What to produce: Write out exactly the lines of the entries below from the one holding "跨境高硼硅玻璃可乐冷饮杯竹木盖带吸管奶茶咖啡杯啤酒果汁饮料杯" to the one holding "With its vivid", inclusive, and leave out all other lines.

Entries provided:
........
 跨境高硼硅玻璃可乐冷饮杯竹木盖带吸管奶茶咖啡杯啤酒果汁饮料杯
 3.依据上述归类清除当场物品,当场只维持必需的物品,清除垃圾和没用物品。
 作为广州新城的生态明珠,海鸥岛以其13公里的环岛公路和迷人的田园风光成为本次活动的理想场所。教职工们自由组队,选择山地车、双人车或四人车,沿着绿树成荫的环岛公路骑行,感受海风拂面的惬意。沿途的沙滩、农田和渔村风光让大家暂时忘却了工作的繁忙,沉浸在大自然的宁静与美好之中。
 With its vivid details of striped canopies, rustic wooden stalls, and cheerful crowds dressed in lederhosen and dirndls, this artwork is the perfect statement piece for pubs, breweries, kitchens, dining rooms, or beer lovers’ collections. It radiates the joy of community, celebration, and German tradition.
........
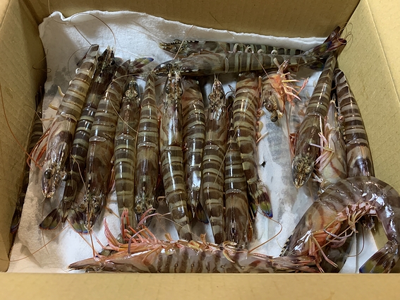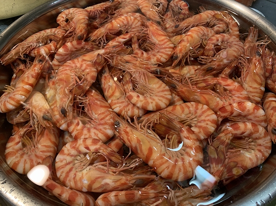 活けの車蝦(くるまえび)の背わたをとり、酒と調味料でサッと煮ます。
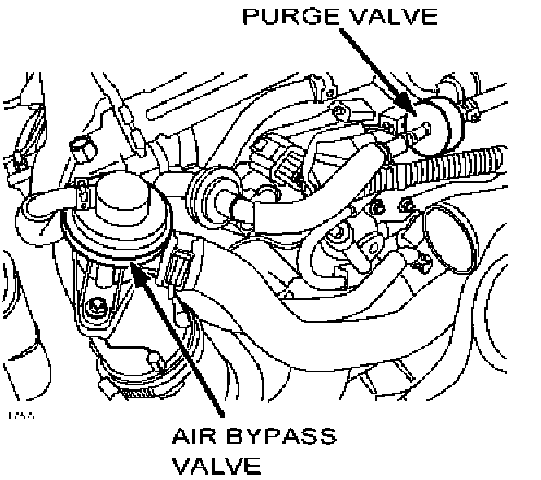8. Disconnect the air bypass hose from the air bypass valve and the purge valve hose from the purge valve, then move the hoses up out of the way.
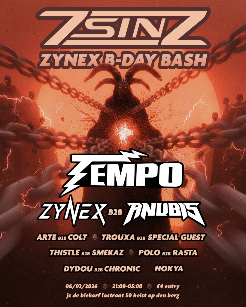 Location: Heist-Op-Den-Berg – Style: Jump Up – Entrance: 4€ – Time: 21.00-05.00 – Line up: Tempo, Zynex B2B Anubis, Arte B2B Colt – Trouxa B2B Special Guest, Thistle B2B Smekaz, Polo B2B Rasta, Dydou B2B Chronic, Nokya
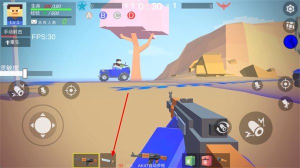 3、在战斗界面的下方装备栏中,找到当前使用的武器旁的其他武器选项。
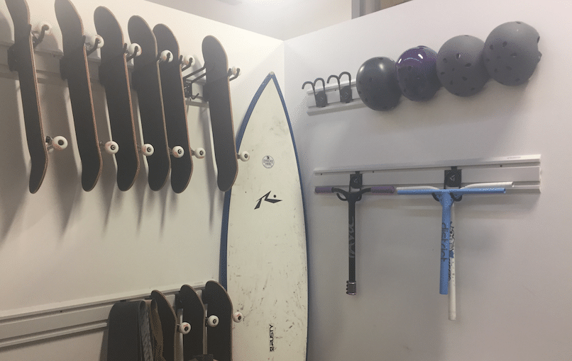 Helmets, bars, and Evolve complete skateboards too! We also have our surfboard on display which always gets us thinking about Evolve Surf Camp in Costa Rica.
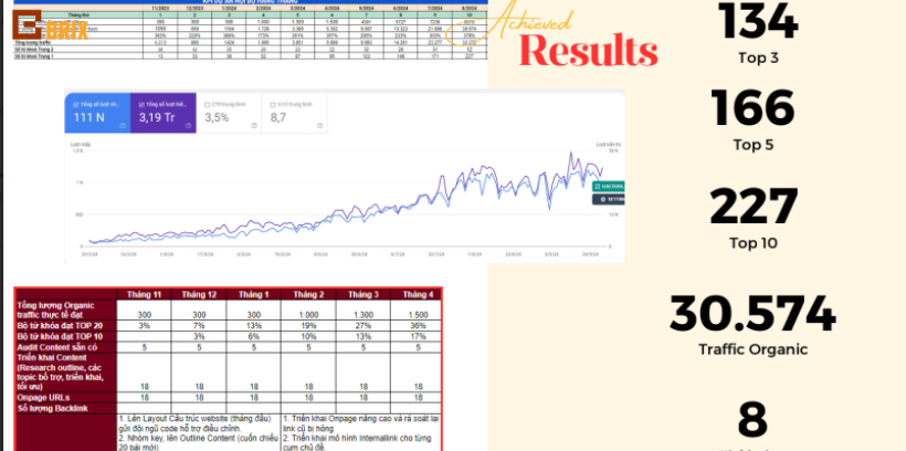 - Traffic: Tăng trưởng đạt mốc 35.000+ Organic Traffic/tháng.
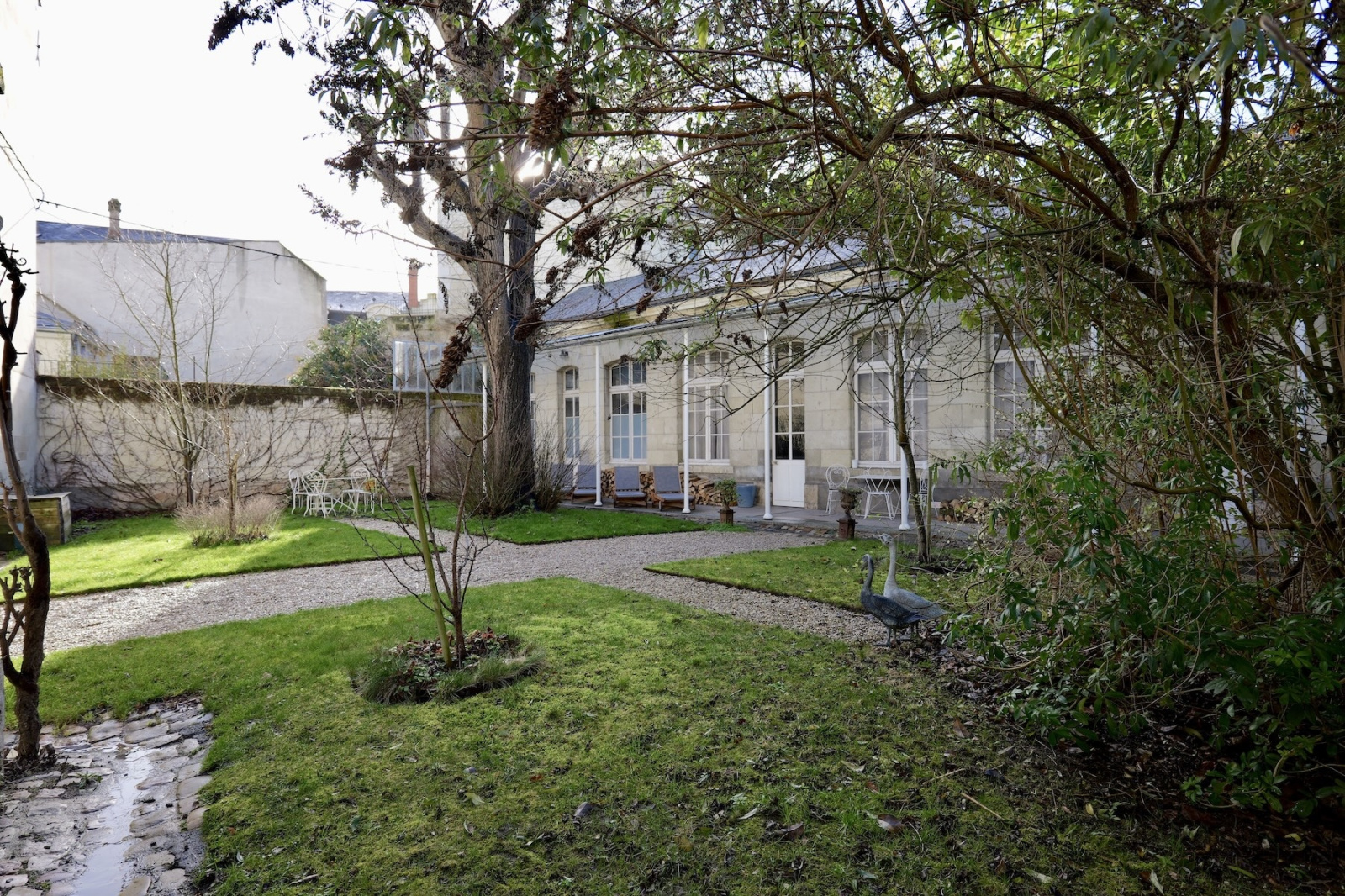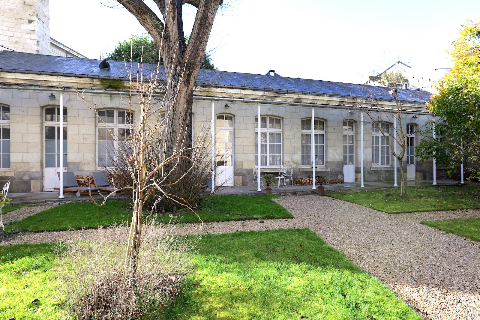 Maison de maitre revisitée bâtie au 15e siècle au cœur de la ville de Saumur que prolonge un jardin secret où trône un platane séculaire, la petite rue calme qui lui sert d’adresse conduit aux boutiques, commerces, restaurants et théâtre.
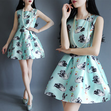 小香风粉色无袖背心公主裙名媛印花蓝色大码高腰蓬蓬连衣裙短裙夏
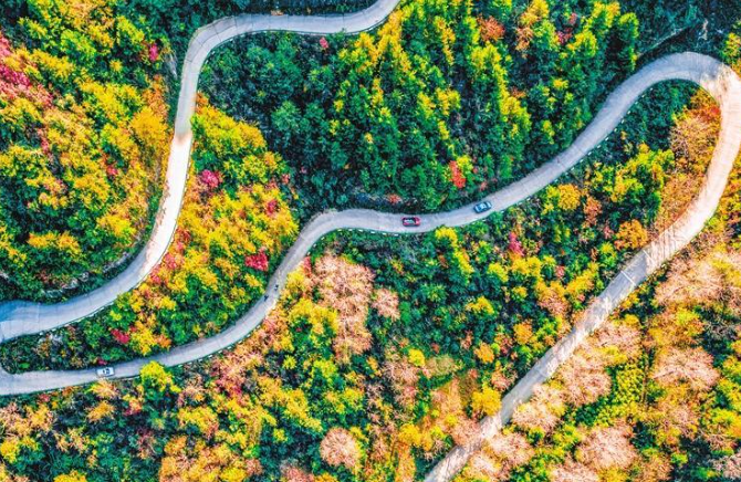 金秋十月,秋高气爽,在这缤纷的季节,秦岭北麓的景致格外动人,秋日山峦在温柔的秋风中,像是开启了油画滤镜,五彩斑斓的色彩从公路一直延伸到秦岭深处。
........
Result for this exercise:
 跨境高硼硅玻璃可乐冷饮杯竹木盖带吸管奶茶咖啡杯啤酒果汁饮料杯
 3.依据上述归类清除当场物品,当场只维持必需的物品,清除垃圾和没用物品。
 作为广州新城的生态明珠,海鸥岛以其13公里的环岛公路和迷人的田园风光成为本次活动的理想场所。教职工们自由组队,选择山地车、双人车或四人车,沿着绿树成荫的环岛公路骑行,感受海风拂面的惬意。沿途的沙滩、农田和渔村风光让大家暂时忘却了工作的繁忙,沉浸在大自然的宁静与美好之中。
 With its vivid details of striped canopies, rustic wooden stalls, and cheerful crowds dressed in lederhosen and dirndls, this artwork is the perfect statement piece for pubs, breweries, kitchens, dining rooms, or beer lovers’ collections. It radiates the joy of community, celebration, and German tradition.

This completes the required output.